TASK ITEM: Transcribe exactly the lines below that begin at the line with "Vipera seoanei cantabrica" and stop after the line with "Photo 3: Tree", leaving out every picture.

INFORMATION SUPPLIED:
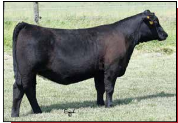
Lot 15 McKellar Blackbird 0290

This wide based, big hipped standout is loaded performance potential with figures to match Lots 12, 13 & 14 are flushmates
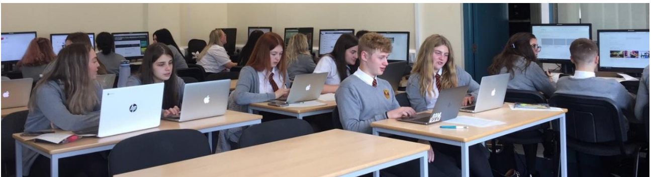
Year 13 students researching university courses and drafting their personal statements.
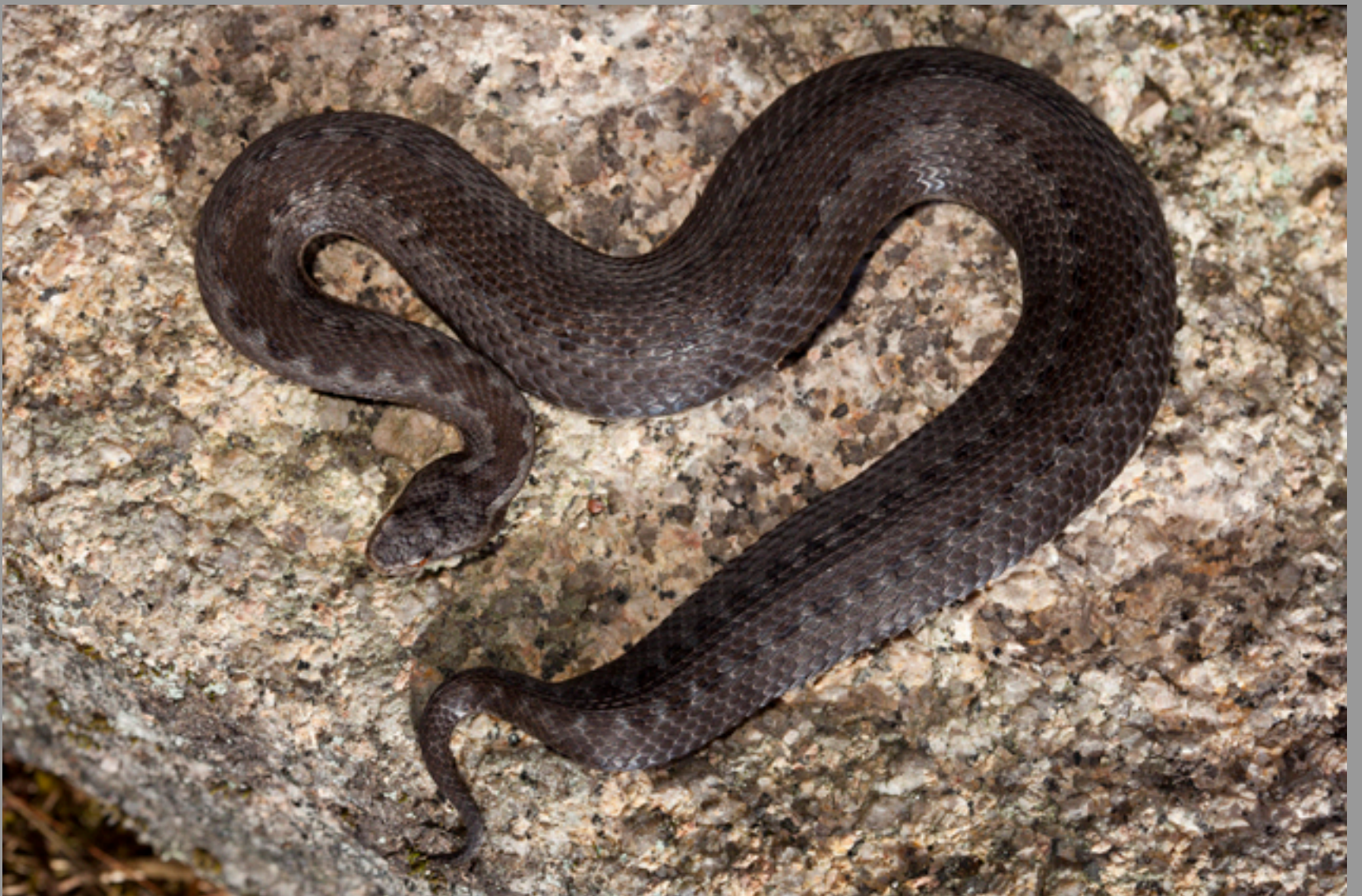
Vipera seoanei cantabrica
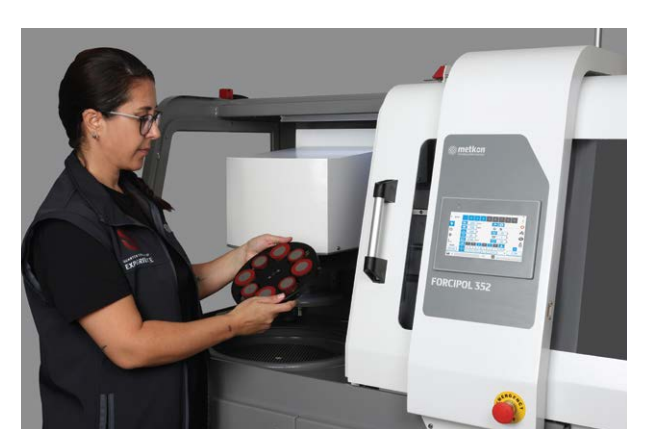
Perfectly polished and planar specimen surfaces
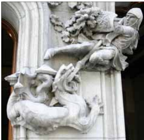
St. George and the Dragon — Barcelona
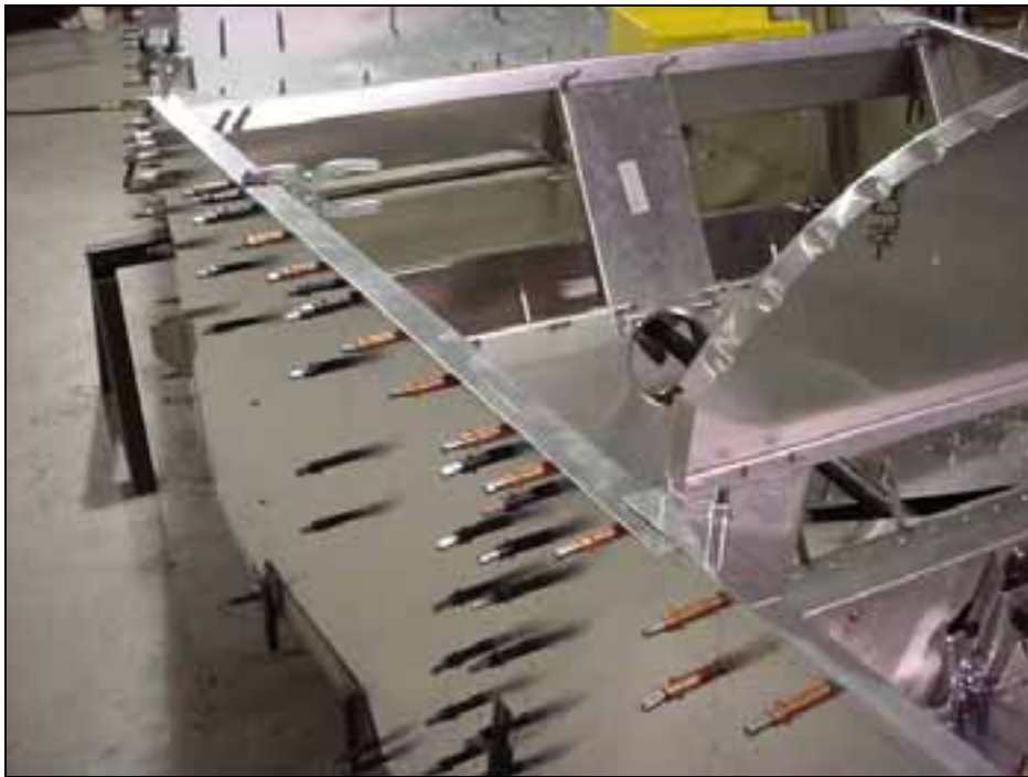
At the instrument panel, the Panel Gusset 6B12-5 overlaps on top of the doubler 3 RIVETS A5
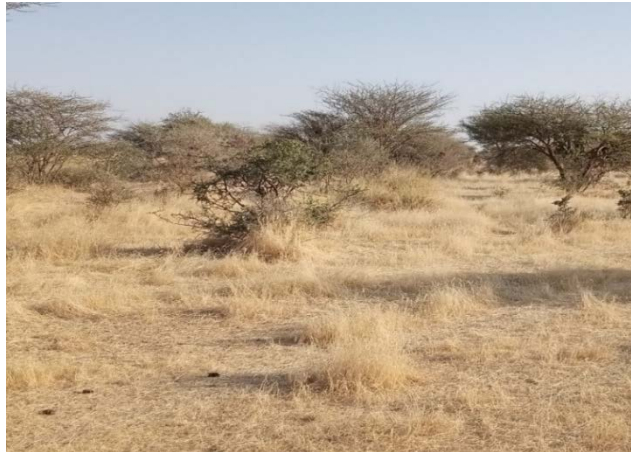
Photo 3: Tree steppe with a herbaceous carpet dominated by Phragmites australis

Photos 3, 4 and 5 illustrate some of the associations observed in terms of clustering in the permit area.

...

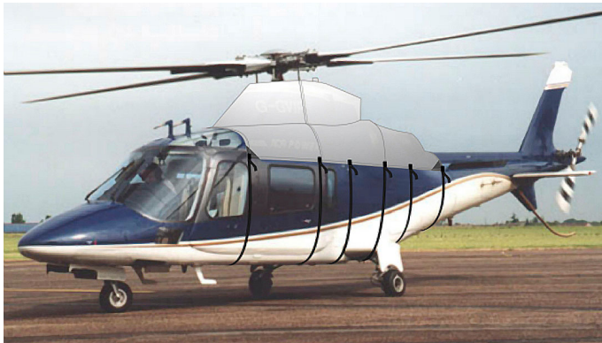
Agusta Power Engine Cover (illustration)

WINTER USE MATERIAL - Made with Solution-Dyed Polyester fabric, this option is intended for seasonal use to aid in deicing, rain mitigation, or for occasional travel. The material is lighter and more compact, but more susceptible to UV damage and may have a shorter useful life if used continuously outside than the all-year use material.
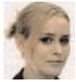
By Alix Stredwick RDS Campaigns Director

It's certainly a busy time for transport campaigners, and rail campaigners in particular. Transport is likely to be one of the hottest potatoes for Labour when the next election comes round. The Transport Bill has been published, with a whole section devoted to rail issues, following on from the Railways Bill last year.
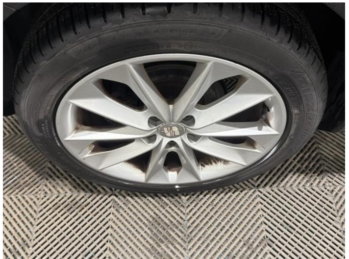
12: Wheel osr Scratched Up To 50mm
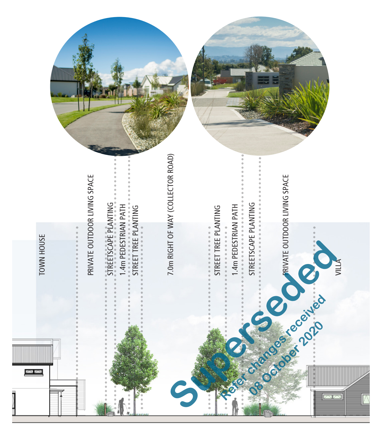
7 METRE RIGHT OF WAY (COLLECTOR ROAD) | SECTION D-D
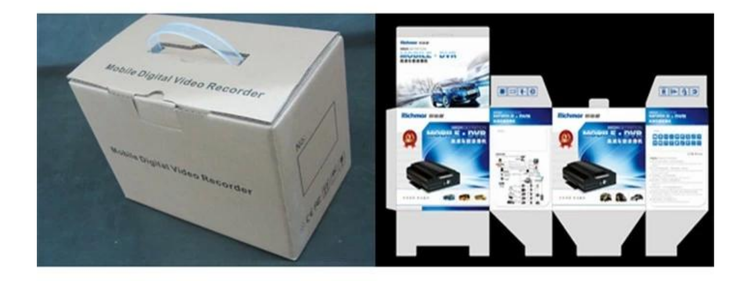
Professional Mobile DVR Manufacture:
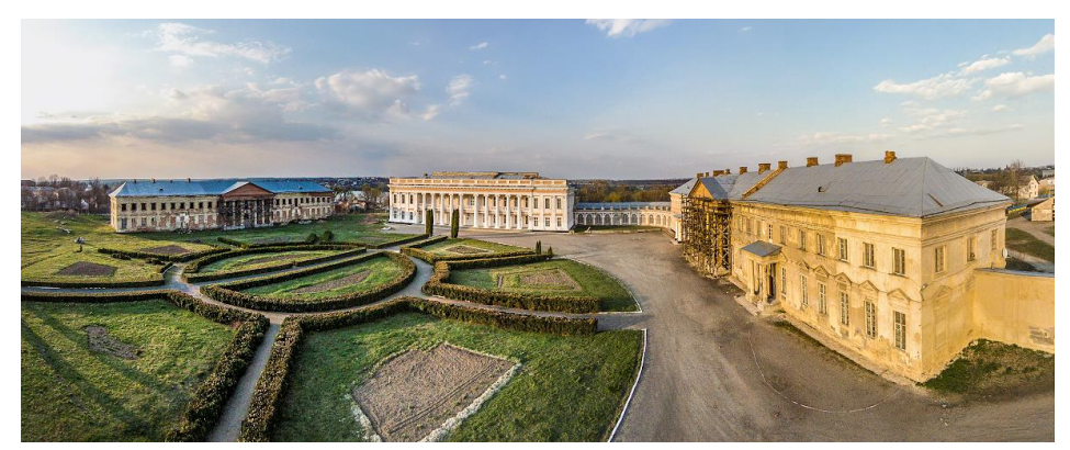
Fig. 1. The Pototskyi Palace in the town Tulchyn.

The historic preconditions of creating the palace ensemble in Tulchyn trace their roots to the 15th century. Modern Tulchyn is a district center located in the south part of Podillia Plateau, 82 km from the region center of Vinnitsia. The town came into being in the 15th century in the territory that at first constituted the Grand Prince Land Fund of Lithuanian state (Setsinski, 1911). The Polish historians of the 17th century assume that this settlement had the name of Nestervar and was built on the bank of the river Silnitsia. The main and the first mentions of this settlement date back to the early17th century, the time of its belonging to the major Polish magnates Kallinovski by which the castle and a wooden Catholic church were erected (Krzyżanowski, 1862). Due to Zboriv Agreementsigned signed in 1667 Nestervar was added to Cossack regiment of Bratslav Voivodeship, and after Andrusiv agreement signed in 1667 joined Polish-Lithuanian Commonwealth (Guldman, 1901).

EXERCISE SOLUTION:
Vipera seoanei cantabrica
Perfectly polished and planar specimen surfaces
St. George and the Dragon — Barcelona
At the instrument panel, the Panel Gusset 6B12-5 overlaps on top of the doubler 3 RIVETS A5
Photo 3: Tree steppe with a herbaceous carpet dominated by Phragmites australis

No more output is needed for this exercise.